Ready to flood my mind with another memory, I paused when I heard his breath and opened my eyes. In an instantaneous movement I was sitting erect on the black leather sofa watching Edward glide gracefully over to my side, a sad look creeping across his perfect face. “Is something wrong?” I immediately asked. “Remesmee?”
“She’s still asleep, dreaming peacefully.” Edward answered. He smiled a half smile that slowly crept across his lips but did not reach his eyes.
“Then what is it?” I coaxed, perplexed. I took his marble hand in mine immediately and leaned into him, placing my head gently on his shoulder and inhaling the scent of honey and sun that radiated off of it.
“After I laid her down to nap I looked up and you were gone. Of course I came to find you…” he stalled. “I stopped when I saw you here but you didn’t move, didn’t hear me.”
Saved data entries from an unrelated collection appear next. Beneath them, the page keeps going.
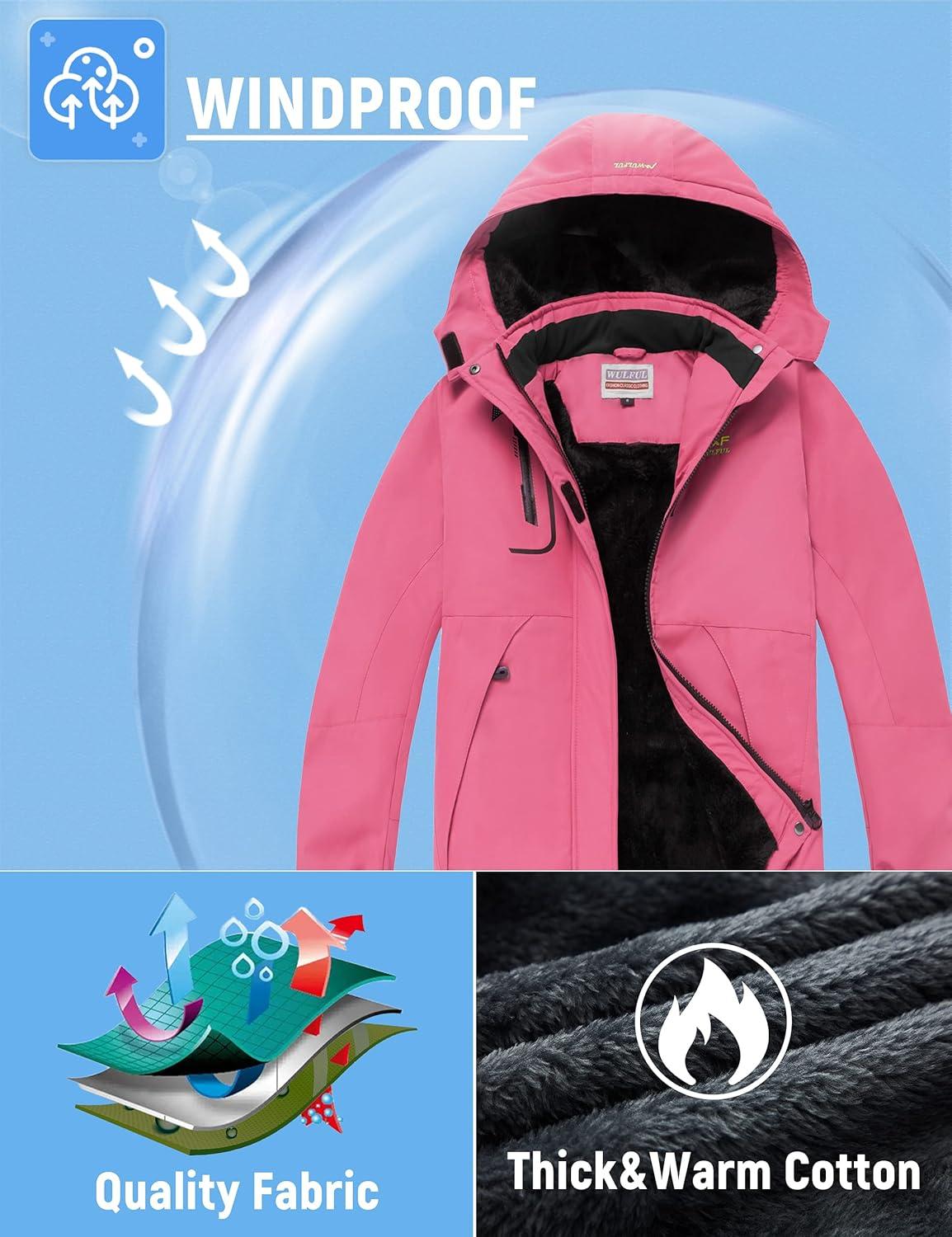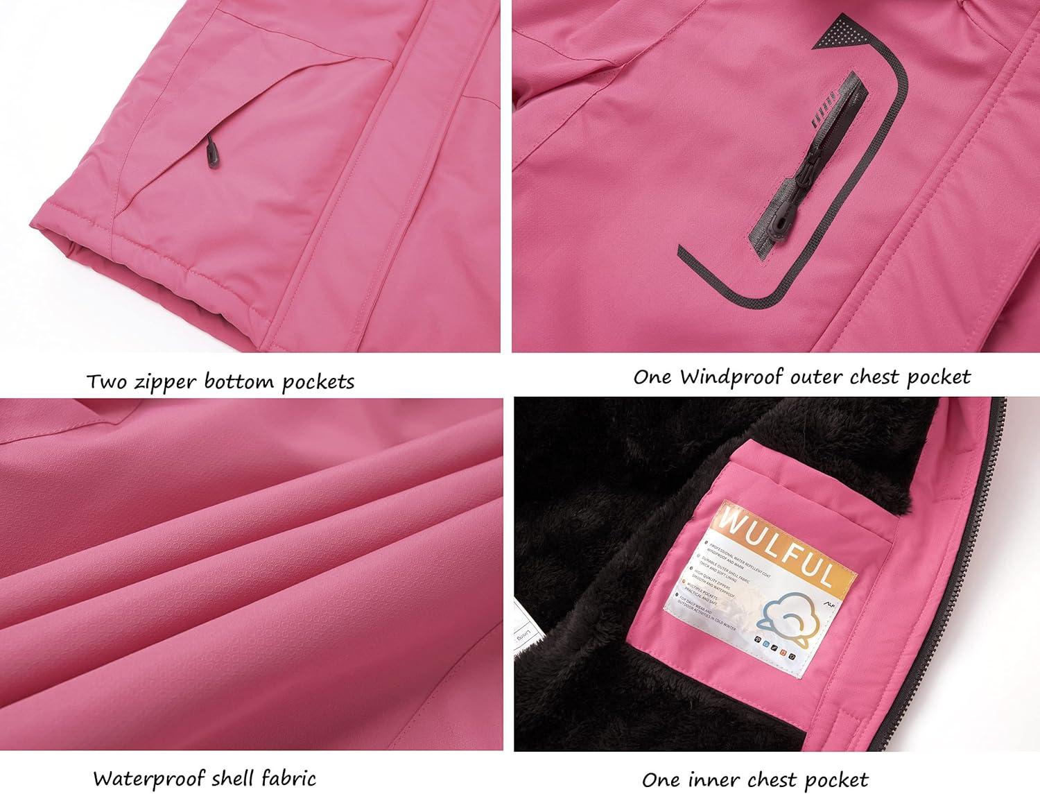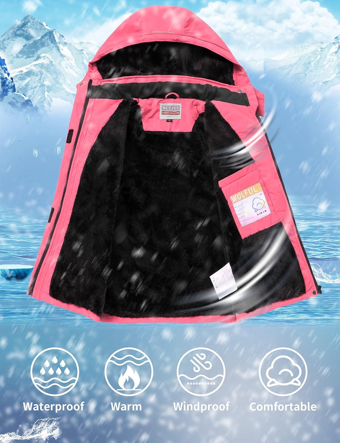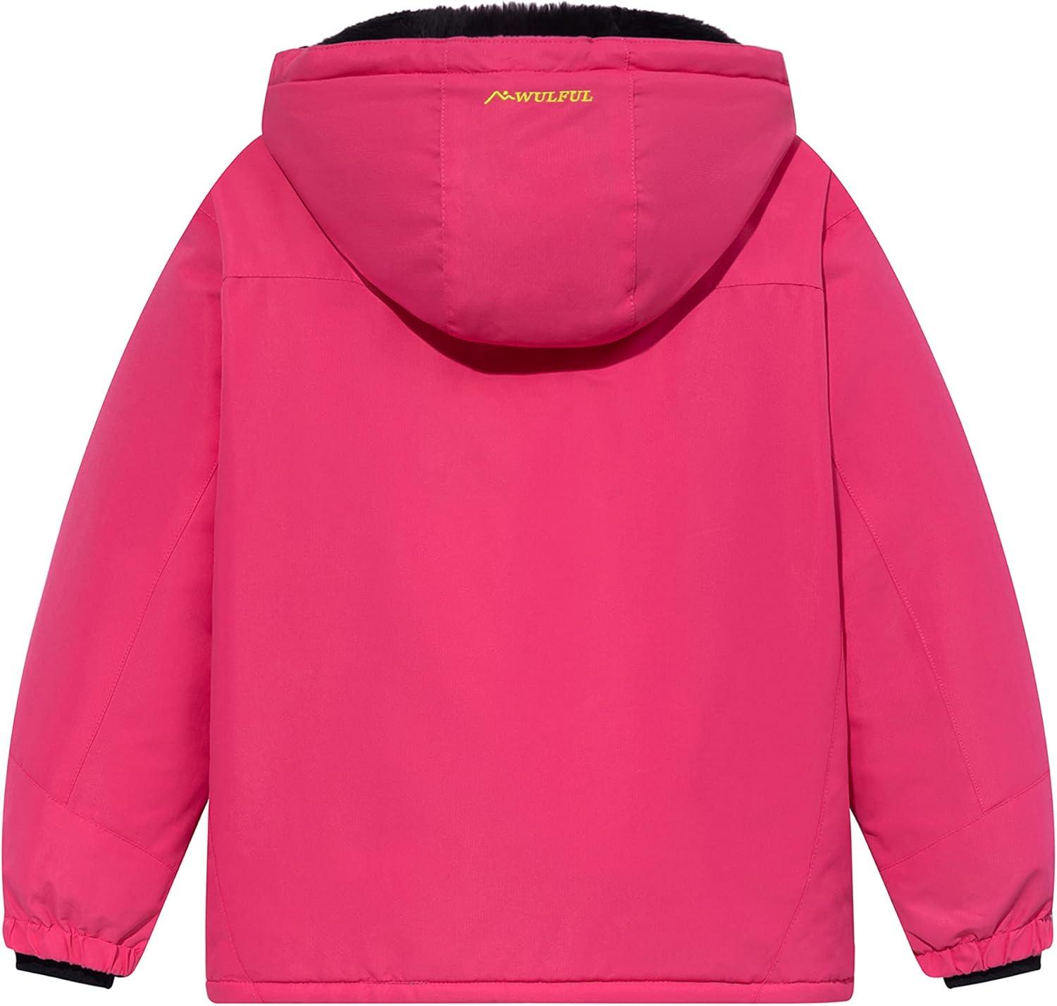 WULFUL Girl's Waterproof Ski Jacket Warm Fleece Hooded Winter Snow Coat(Rose Red)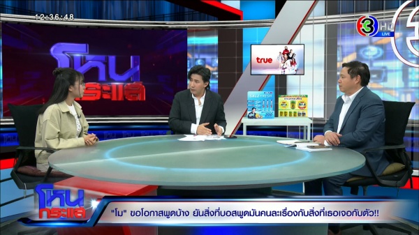 รายการ โหนกระแส วันที่ 6 มี.ค.68 ดำเนินรายการแทน “หนุ่ม กรรชัย กำเนิดพลอย” ผลิตในนามบริษัท ดีคืนดีวัน จำกัด ออกอากาศทุกวันจันทร์-ศุกร์ เวลา 12.35 น. ทางช่อง 3 กดหมายเลข 33 สัมภาษณ์ โม อดีตแฟนบอส มาพร้อม “ทนายแก้ว ดร.มนต์ชัย จงไกรรัตนกุล”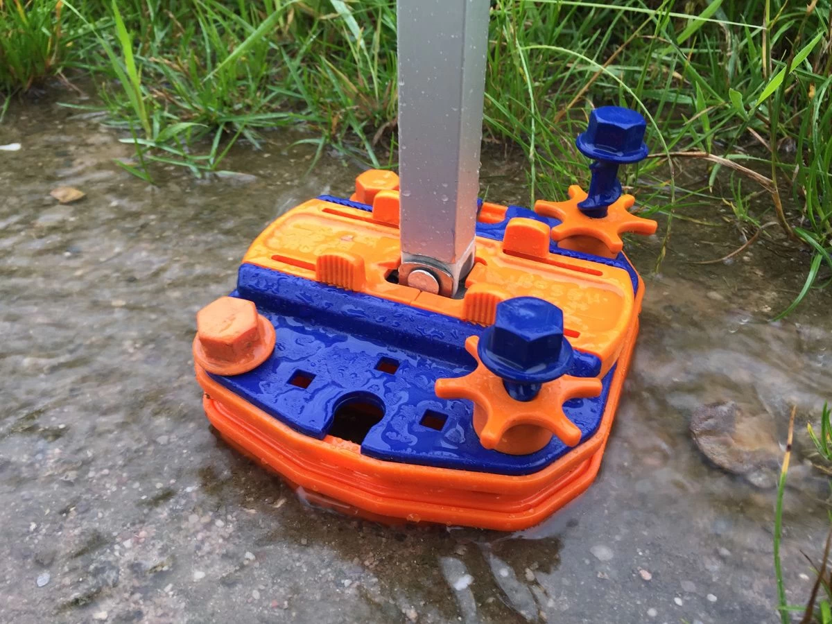 Soms is het niet mogelijk om haringen volledig de grond in te draaien. Heb je de Ankerplaat 2.0 al, dan vormen de Peg & Stop-haringen de oplossing. Draai de blauwe haringen de grond in totdat je niet verder kan. Draai daarna de oranje moer een paar keer naar rechts en je Ankerplaat kan geen kant meer op!

I knew why this would cause him unease. My senses, our senses, are so heightened that I should have heard him coming. I should have heard him lay our daughter down and rise to his feet two floors below me. But I was lost in thought, absorbed. “I’m sorry.” I offered. “I stole a few moments to myself. To remember.”
“I know. I heard.”
It was at that moment I felt it flex. My shield. No wonder the memories came more clearly now. I thought it was because I was thinking of them often, solidifying them in my mind. That was not the case at all. While I was deep in thought, in remembrance my shield recoiled, pulling away from me. I was so wrapped in concentration that I didn’t feel it, did not take notice of its retreat. “Even now, I’ll never forgive myself for leaving you broken like that. I’m more sorry for it than you’ll ever truly know.”
“I know that Edward. And I know that you only did it out of love. But do you see why I’m trying so hard to hold on to the memories of it? Do you remember the epiphany I gained as a result of it all? “
With a hint of a smile he acknowledged what I was referring to. “I remember.” Edward stated. “But it still doesn’t excuse my actions or what I did to you. I hurt you, the one thing I vowed I would never do.”
“I healed.” I countered. “Its part of our story Edward. I can’t forget it. That part of my life was…” I stalled looking for the right word. A word that would convey my feelings properly without adding to his anguish. “hard.” I finished.
“But still, I have to remember it. The pain it caused and what I went through made me realize how empty my life was without you in it. I know now why you left then, and I understand. I've always understood. But its part of who I am, Edward. The strings that make up our lives are woven together into one. You mean everything to me and when I think about that time its only to recall everything that I gained as a result of it. Everything that lead us down this path of togetherness I want to hold on to. I have to remember. I’m not willing to let even one second of my life with you slip through the cracks.”
His smile grew wider now as the emotion of my rant reached him. Without hesitation Edward took me into his arms and held me closer that I would have thought possible, his lips crashing down onto mine. “Its all because I love you.” I said in the brief moment that my lips were free as his face skimmed down my jaw to kiss the hollow of my throat.
“As I love you.” he said, as his fingers gently tangled their way into my hair.
“I know.” I sighed with happiness. “Your love is the entire reason for my existence”
“As is yours to mine.” he uttered, pulling my lips to his once more.